Прощаясь со мной у калитки, Кавабата сказал:

– Мы решили основать новый литературный журнал. Он будет называться «Нинген». Это название должно вызвать широкий резонанс, как вы считаете? – Он улыбнулся. – Мы были бы рады, если бы вы приняли участие в издании журнала.

– У меня есть одна проблема, причем «человеческая, слишком человеческая».

– Какая?

– Я не знаю, о чем писать, сэнсэй. Во мне нет никакого энтузиазма, никакой энергии. Мне нечего сказать.

– Я пережил нечто подобное. Хотите, я дам вам совет? Пищите о себе. Мне кажется, вашему поколению необходима правдивая исповедь.

– Но это – мои проблемы. Что я могу написать о себе, если я не существую? Я не хочу рядиться в чужие маски.

– Вы недавно процитировали Ницше, упомянув о «бледном преступнике». Вы, наверное, знаете и это высказывание философа: «Лишь поэт, способный лгать сознательно и охотно, способен говорить правду».

Бредя в сумерках по глубокому снегу на станцию, я думал о том, что означала эта встреча с Кавабатой. Мы с ним разыграли сюжет басни «Журавль» , где он исполнял роль цапли, а я лисы.

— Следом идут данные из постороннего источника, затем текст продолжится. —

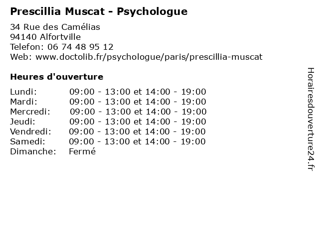 1 Prescillia Meimoun - Spécialiste en médecines douce et alternative (Distance: 6,48 km) 188 Grande Rue Charles de Gaulle, 94130 Nogent-sur-Marne alternative, consultation, docteur, douce, en, et, med, meimoun, médecin, médecines, prescillia, spécialiste, traitement 2 Maître Prescillia Rongeat - Avocate (Distance: 10,89 km) 137 rue de l’Université, 75007 Paris avocate, avocats, civils, droits, juridiques, maître, prescillia, rongeat 3 Frouhid Baghaie - Sophrologue (Distance: 0,00 km) 34 Rue des Camélias, 94140 Alfortville baghaie, frouhid, sante, soins, sophrologie, sophrologue 4 Mathilde Dequier - Psychologue (Distance: 0,07 km) 61 Rue du Maréchal de Lattre de Tassigny, 94140 Alfortville dequier, folie, mathilde, psychiatre, psychiatrie, psychiatrique, psychologue 5 Maelys Viot - Ostéopathe (Distance: 0,07 km) 61 Rue du Maréchal de Lattre de Tassigny, 94140 Alfortville maelys, osteo, osteopathe, ostéopathe, sante, soins, viot 6 Carole Besson - Psychologue - secrétariat (Distance: 0,15 km) 14 Rue Roger Girodit, 94140 Alfortville besson, cabinets, carole, médecins, psychologue, secrétariat, thérapies |
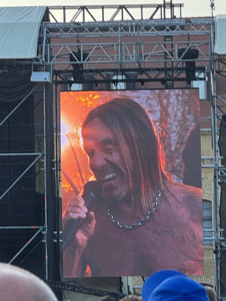 Anfang dieses Jahres lasen wir in einem Interview von 2023, dass Iggy Pops Arzt zu ihm gesagt habe: „Wenn Du in Rente gehst, verlierst Du den Verstand.“ Wir stellten uns den damals 75jährigen Punkrocker vor, wie er ruhelos in seinem Haus hin- und hertigerte und seine davon genervte Frau zu ihm sagt: „Mach endlich was! Nimm eine neue Platte auf oder geh auf Tour, es ist ja nicht zum Aushalten mit Dir!“ Und also ging Iggy auf Tour und in diesem Sommer sahen wir auch in Berlin ein Konzert angekündigt. Frau Reiserin plünderte wieder das Sparschwein, legte mit einem lieben Freundespaar zusammen und hatte ein weiteres Geschenk für HerrBert.

Впрочем, весь этот спектакль можно было еще назвать «Проверкой на человечность».

 

ГЛАВА 11

ФЕРНАНДО ПИНТОМЕНДЕС

На третий день моего пребывания в Бенаресе я попрощался с настоящим Тукуокой Ацуо, с которым ехал в одном такси, и вышел у центрального почтамта. Я приехал сюда, чтобы послать телеграмму моему издателю Нитте Хироси, но так и не сделал этого. Мое внимание привлек странный человек, лежавший на веранде поперек двери, ведущей в почтамт. Его наружность потрясла меня до такой степени, что я сразу же забыл о своих намерениях. Совершенно голый и лоснящийся от жира, как морская свинка, он блаженно улыбался, сознавая, что его огромных размеров половые органы привлекают к себе внимание собравшихся перед верандой зевак.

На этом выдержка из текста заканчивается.